Joseph Stiglitz, altra personalità di livello mondiale che analizza la globalizzazione, in Il grande divario (Penguin) mostra l'“interconnessione” delle economie nazionali – in particolare quella degli Stati Uniti con il resto del mondo – e ricorda che in sei anni di amministrazione Bush il debito statunitense, relativo a prestiti pubblici e privati, ha raggiunto i 5 miliardi dollari, 1 miliardo appena prelevato dalla Cina Popolare. È stato un piccolo aumento del debito estero totale del paese, poiché ora supera il 100% del PIL degli Stati Uniti. In soli sette mesi del 2022 la Cina – il Paese che è il maggior detentore di obbligazioni emesse dal governo degli Stati Uniti – ha “ceduto” 113 miliardi di dollari delle obbligazioni che detiene, dando il messaggio che potrebbe mettere sotto scacco finanziamento del debito pubblico del più importante paese capitalista del mondo. Tutto questo è politica dello Stato, non mera spontaneità di mercato.

Le attività brasiliane sono diventate, con l'aumento dei tassi di interesse statunitensi, meno attraenti per gli investitori stranieri, poiché gli alti tassi di interesse incoraggiano l'investimento speculativo in titoli del Tesoro USA, che offrono un rischio di perdita molto basso e sono molto più sicuri, poiché la loro vera zavorra è la sua forza militare -il potere imperiale e la sua comunione di convergenza e disputa regolamentata, “in ultima istanza”, con l'altro gigante economico e militare del pianeta, la Cina Popolare.
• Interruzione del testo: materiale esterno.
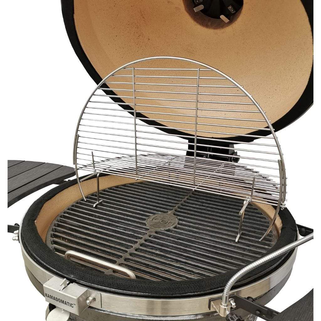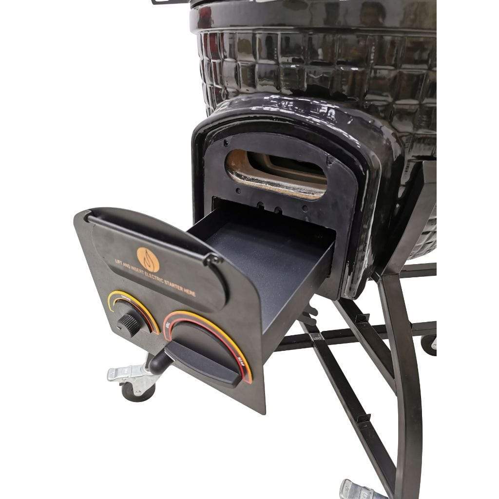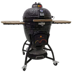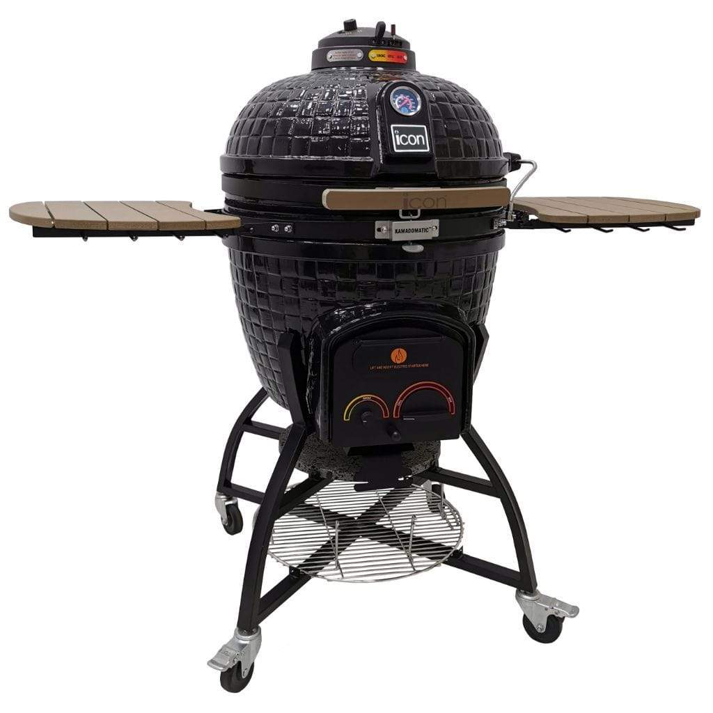 Icon XR402 Deluxe Kamado grill, Black. 604 sq. in. cooking surface. Features: Color Coded Cast Iron Vent top Vent with smoker knob, cast iron, and stainless steel cooking Grids, Easy lift Kamadomatic hinge, upgraded felt & Locking latch for a superior seal, Wood sculpted thermoplastic side shelves with accessory hooks, electric starter port for easy start-up (electric starter included), removable ashtray for easy cleanout, extra-wide storage cart with 3" caster wheels. The grill comes with an electric starter, a flexible grill light, and a cover. Add grilling versatility with the Quickchange Gas Insert available for Natural Gas and Propane, Sold Separately.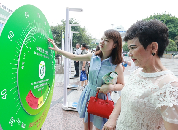 市民测量体重、身高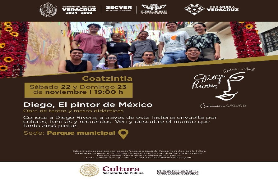 *Coatzintla, Xalapa, Ver., 21 de noviembre de 2025.- La Secretaría de Cultura de Veracruz (SECVER), en colaboración con el ayuntamiento de Coatzintla, invita a conocer la Galería Móvil 2025: Diego Rivera, la cual estará instalada en el parque municipal hasta el próximo 25 de noviembre.

In questa nuova situazione strutturale del gioco tra i poteri, che non corrisponde più al tipo del secolo scorso, si aprono possibilità ristrette ma reali per l'esercizio della nostra sovranità. Affidare a una Banca Centrale, che è un ente dello Stato, l'esercizio dell'aspetto più importante della sovranità, che è il controllo effettivo sulla moneta, è rinunciare all'idea di nazione.

Fernando Haddad ha una proposta di ancoraggio fiscale, che non è certo un'avventura spontanea dall'altra parte della corda, e il viaggio del presidente Lula in Cina, che riprenderà, per trattative strategiche può permetterci di attraversare questo nuovo Rubicone (il primo fu il tentativo di golpe dell'8 gennaio) ricordando che il suo passaggio sarà anche una sconfitta per i fascisti, incrostati nell'apparato statale con la benedizione delle nostre vecchie classi dirigenti, alleate dell'avventura bolsonarista che ha quasi demolito il Paese, senza alcun vero apprezzamento per il regime democratico .

* Tarso in legge è stato governatore dello stato del Rio Grande do Sul, sindaco di Porto Alegre, Ministro della Giustizia, Ministro dell'Istruzione e Ministro delle Relazioni Istituzionali in Brasile. Autore, tra gli altri libri, di possibile utopia (arti e mestieri).